▶ [The task] The reply should contain only the lines from the start of the records through the line with "SINCE THE LAUNCH", reproduced verbatim and without pictures.

▶ [Records supplied]
================================

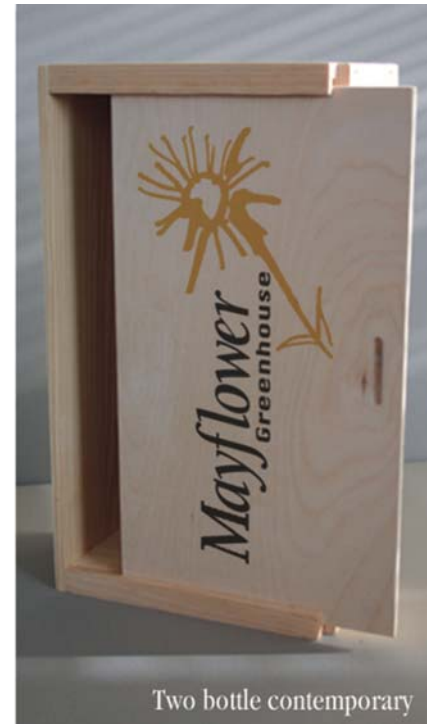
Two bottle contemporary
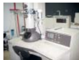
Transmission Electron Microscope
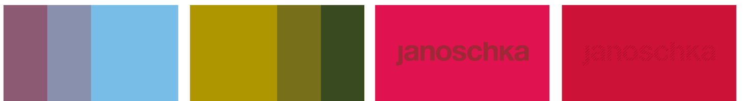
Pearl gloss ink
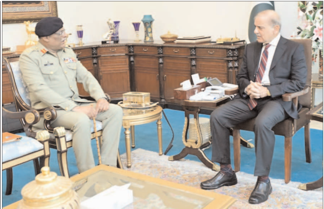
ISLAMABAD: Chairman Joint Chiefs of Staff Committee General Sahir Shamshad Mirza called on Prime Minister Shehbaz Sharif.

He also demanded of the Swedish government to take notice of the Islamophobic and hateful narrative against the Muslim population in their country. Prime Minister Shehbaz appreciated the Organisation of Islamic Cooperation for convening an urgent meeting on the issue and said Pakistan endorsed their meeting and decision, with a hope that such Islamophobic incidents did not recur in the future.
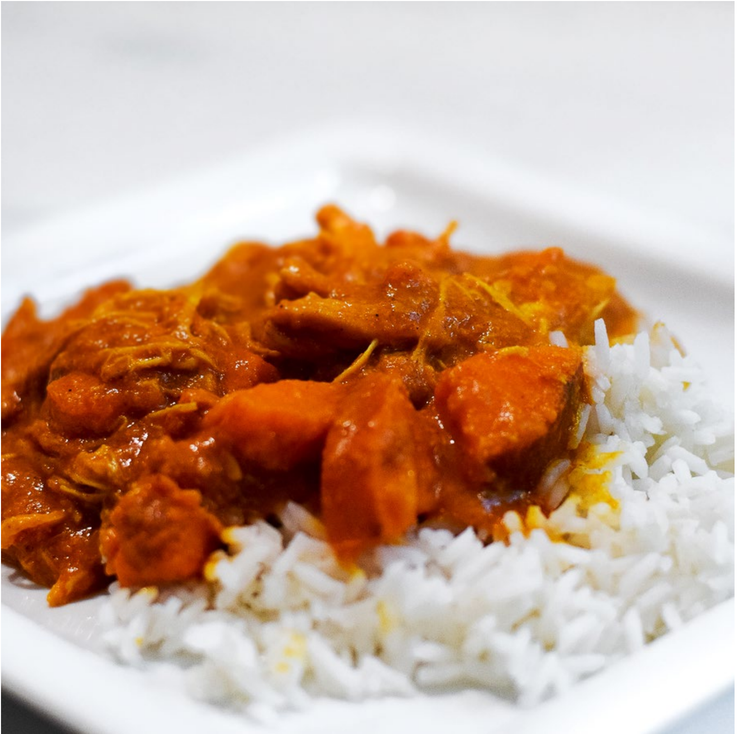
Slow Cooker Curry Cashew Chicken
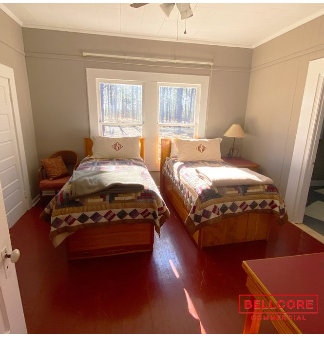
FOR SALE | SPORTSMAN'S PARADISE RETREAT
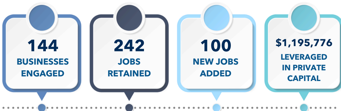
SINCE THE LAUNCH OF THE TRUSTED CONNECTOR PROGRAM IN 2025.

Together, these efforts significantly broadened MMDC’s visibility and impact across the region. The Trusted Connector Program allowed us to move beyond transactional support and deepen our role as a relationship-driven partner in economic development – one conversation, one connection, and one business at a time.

================================

▶ [Exercise response]
Two bottle contemporary
Transmission Electron Microscope
Pearl gloss ink
ISLAMABAD: Chairman Joint Chiefs of Staff Committee General Sahir Shamshad Mirza called on Prime Minister Shehbaz Sharif.

He also demanded of the Swedish government to take notice of the Islamophobic and hateful narrative against the Muslim population in their country. Prime Minister Shehbaz appreciated the Organisation of Islamic Cooperation for convening an urgent meeting on the issue and said Pakistan endorsed their meeting and decision, with a hope that such Islamophobic incidents did not recur in the future.
Slow Cooker Curry Cashew Chicken
FOR SALE | SPORTSMAN'S PARADISE RETREAT
SINCE THE LAUNCH OF THE TRUSTED CONNECTOR PROGRAM IN 2025.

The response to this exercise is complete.